James Harrison is one of the most feared outside linebackers in the NFL. He plays in the Pittsburgh Steelers 3-4 Defense, so his task is often to rush the quarterback. He has a monumental career of accomplishments that follow his work. The man has been through a success track that is like the myths you hear except it is true. His dad was a truck driver. He wanted to play football and went to tiny Kent State. He shows up to the Steelers as a free agent and was cut twice. He finally gets his chance as a backup and has a monumental breakout game against Buffalo.
If you remember the Pittsburgh-Arizona Super Bowl, you will remember his 99-yard return for a touchdown interception of Kurt Warner. Well, last week he made news when his sons came home with “participation trophies” for a sport they played. He flipped out. In his world you don’t get a trophy for showing up. You don’t get a trophy for trying hard.
In his world, you only get a trophy when you succeed. When you succeed at the very top, it is rare and you become a champion. They only give out one Lombardi Trophy to the NFL champion each year, not one to each team that participated. So he posted a picture of the trophies on Instagram and wrote, “I come home to find out that my boys received two trophies for nothing, participation trophies. While I’m very proud of my boys for everything they do and I’ll encourage them to the day I die, these trophies will be given back until they earn a real trophy. I’m not sorry for believing that everything in life should be earned, and I’m not about to raise two boys to be men by making them believe they’re entitle to something just because they tried their best, because sometimes your best isn’t enough, and that should drive you to want to do even better, not cry and whine until somebody gives you something to shut you up and keep you happy.”

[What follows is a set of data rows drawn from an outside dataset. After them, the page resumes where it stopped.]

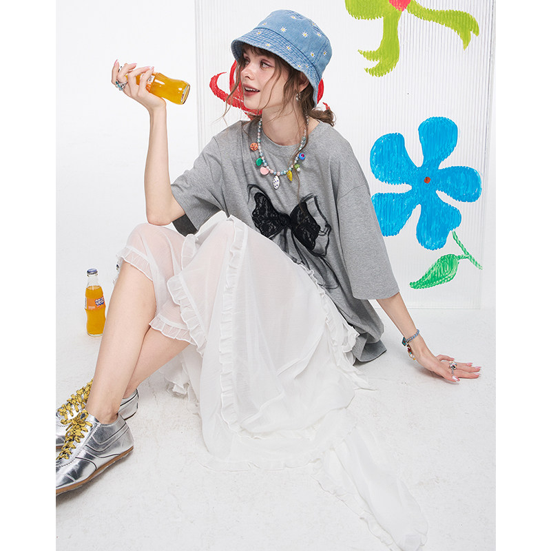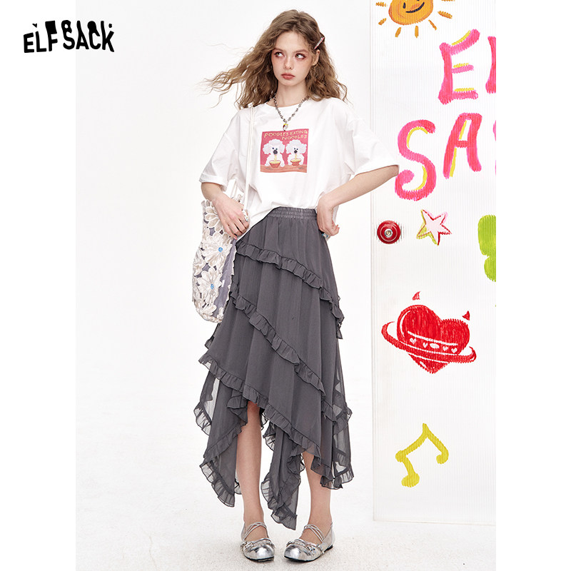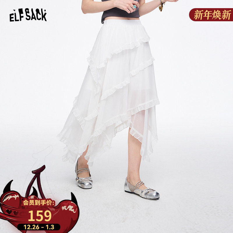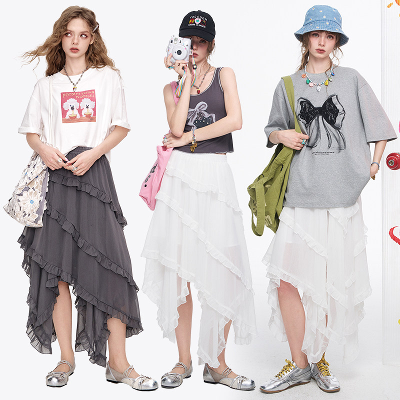 妖精的口袋不规则层次感网纱半身裙女2025年夏季新款度假风长裙子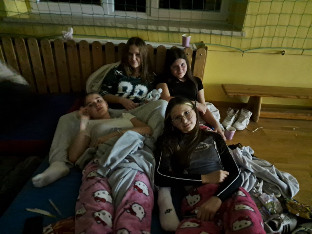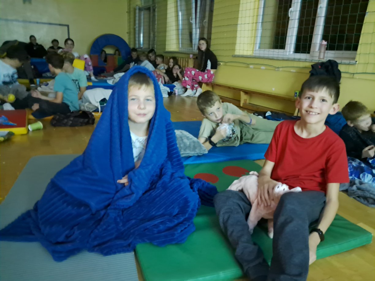Zamiast podręczników przynieśli koce, poduszki i oczywiście dobre humory. Wspólne oglądanie filmu okazało się doskonałym pomysłem na jesienny wieczór – pełen śmiechu, rozmów i miłej atmosfery. Takie spotkania pokazują, że szkoła to nie tylko nauka, ale także miejsce, w którym po prostu dobrze się czujemy.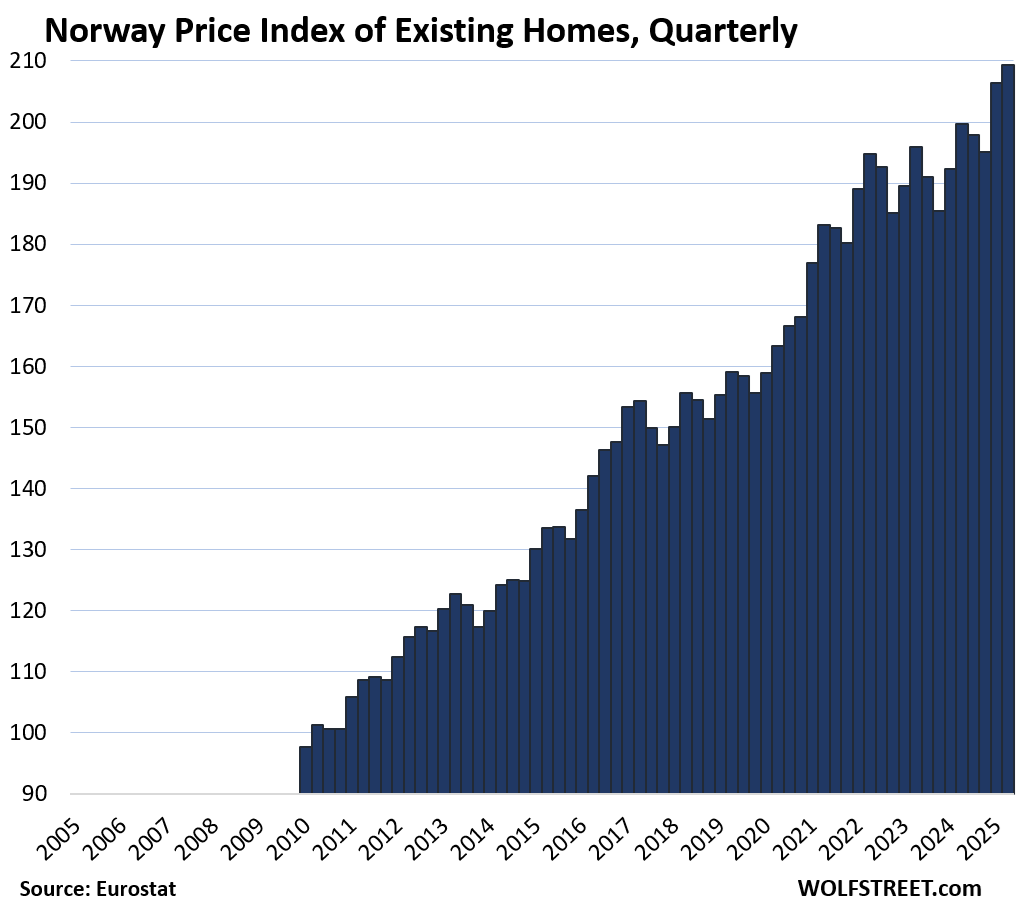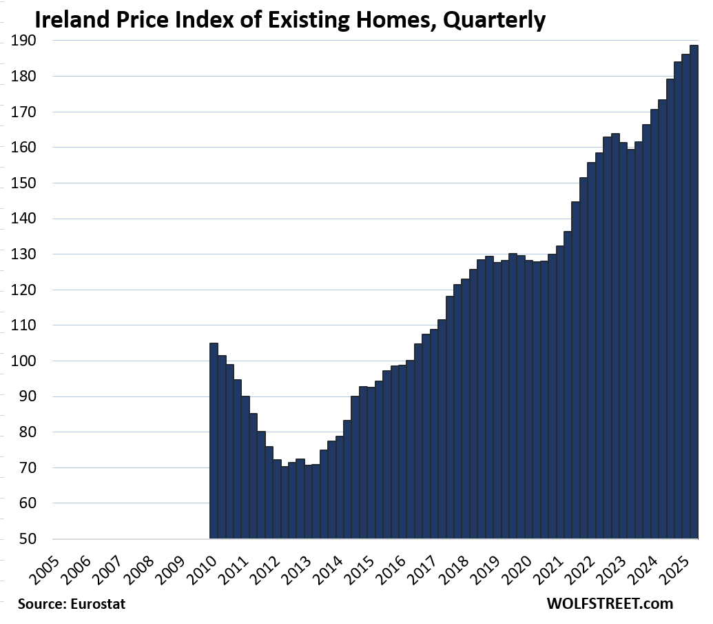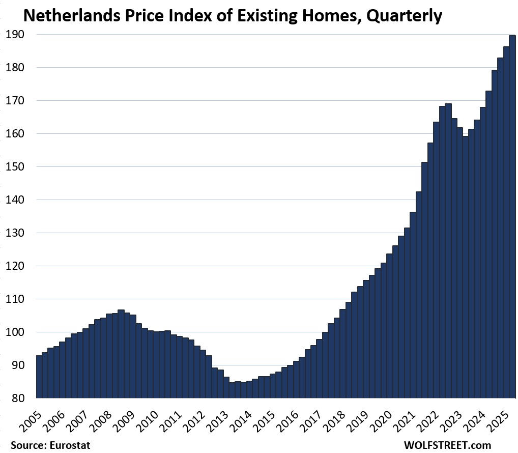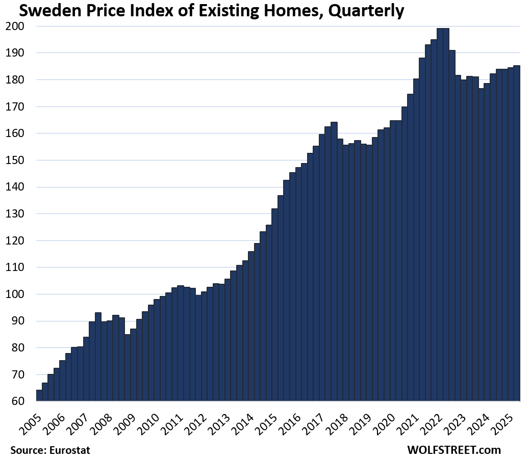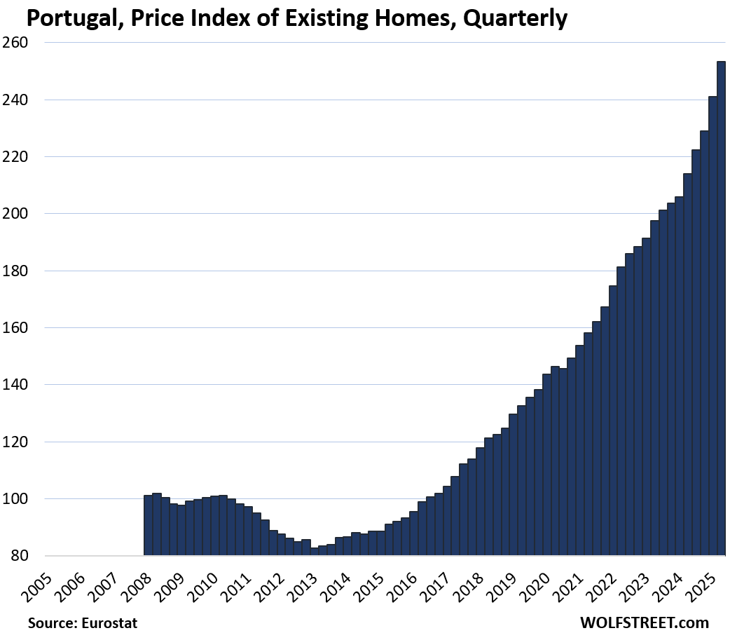 In one (Finland), home prices have fallen back where they’d been in 2010. In another (Italy), prices are still well below 2010 though they’re surging now. And in another (Spain), prices just now rose above the prior bubble peak 18 years ago, whose dramatic implosion had shaking the country.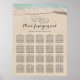 Planen på bröllopsresa för Beach bord med en sommartropisk strandbakgrund, en sandstrand i vintagen med två hjärtan i strandlinjen, initialer och en modern modell för sätesschemat för bröllop på 20 bord.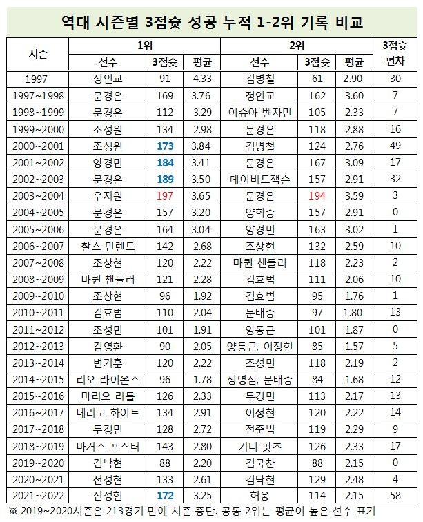 현재 한 시즌 기준 최다 3점슛 성공 1,2위는 2003~2004시즌 우지원과 문경은이 기록한 197개와 194개다.
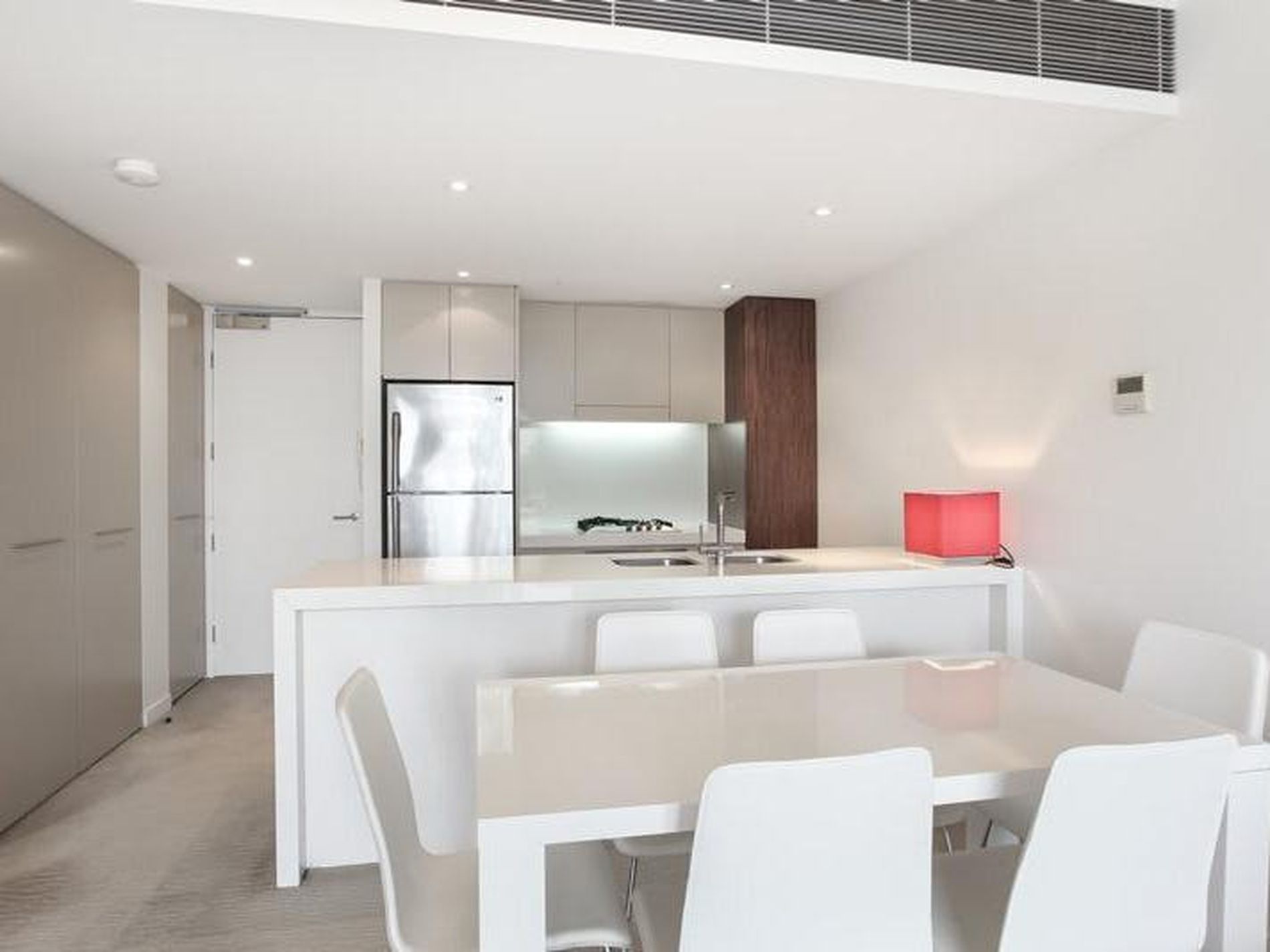 - Modern open-plan gas kitchen with timber veneers and polyurethane cabinets and imported stone and stainless appliances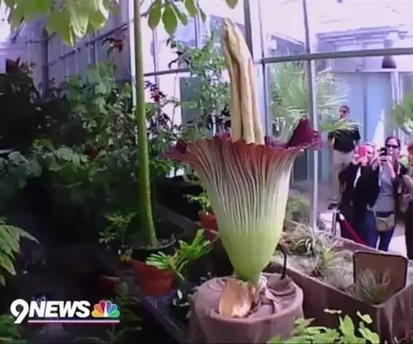 2014年5月12日,英国康沃尔郡的伊甸园主题园里,一株泰坦魔芋花(又名“尸花”)正盛开着,该花高9英尺3英寸(约2.8米),花朵散发着恶臭。常驻专家提姆·格里格(Tim Grigg)在2011年该花首次开放后对它进行了修剪,但是令他惊讶的是该花又一次绽放了。泰坦魔芋花一般生长7-10年后才会开花。经过两年的等待,康维尔伊甸园中的一束样本泰坦魔芋花终于开花了,这朵2.8米高的巨花差3.5英寸就能打破世界花朵最高记录,该园的园丁表示,该花一天能够生长6-8英寸,本来预计会在周末过后或是下周开花,但是它却提前开放了。

There is only one Lombardi Trophy, one World Series Ring, and one Stanley Cup given out each year. None of these professional sports give a trophy for just showing up. So the next question is are you giving participation trophies to your people or are you really celebrating true accomplishments with your team?
In the high-performing financial institutions that I have worked in, all have had different ways to measure the performance of their commercial people, their branches, and their divisions. Goals are set and then various measures of production, productivity, credit quality, income maximization, and expense control are looked at and measured.
The goals and results are shared throughout the organization from the leadership down to what is applicable on the front line. This gives an opportunity for each employee to take ownership for their work and to realize that what how their actions can impact the overall organization. Employees begin to have more of a purpose and pride in their job as they understand that their work matters to the overall outcome. There is something innate inside each of us to achieve great things. Giving folks on your team great things they can achieve will cause them to improve their daily performance.
So do you reward everyone on your team the same? Of course there are rewards for the group performance, but there also should be rewards for your top performers. Earlier this year, Gravity Payments decided to raise the minimum wage for everyone in the company to $70,000/year. What ensued is several of the top performers in the company left, thinking it was unfair to more than double the salary of some of the weakest company performers while the top performers received no increase at all. If you want your institution to perform at a high level, top performers should be recognized and rewarded.
Maybe you don’t even think that sharing goals and performance standards to people in your organization such as your lenders, branch managers, or front line staff is important. I spoke to someone at a bank in my home state that followed this course of action. My friend wondered why they were so mediocre and how to make his shop better. I said to begin with, you need to share the goals and performance among the entire bank tem. If the people you hire are valuable enough to bring on your team, they are valuable enough to share the goals. Otherwise you run the risk of not aligning your team to meet your common goal. How can they meet it if they do not know what it even is in the first place?
So to conclude, set goals for your CU and the different branches, divisions, and employees. Share those goals with team members to get buy-in. Track the performance to goal. Reward those who achieve great things, and not just give a trophy for showing up. These are steps in reaching beyond the present level you are at now.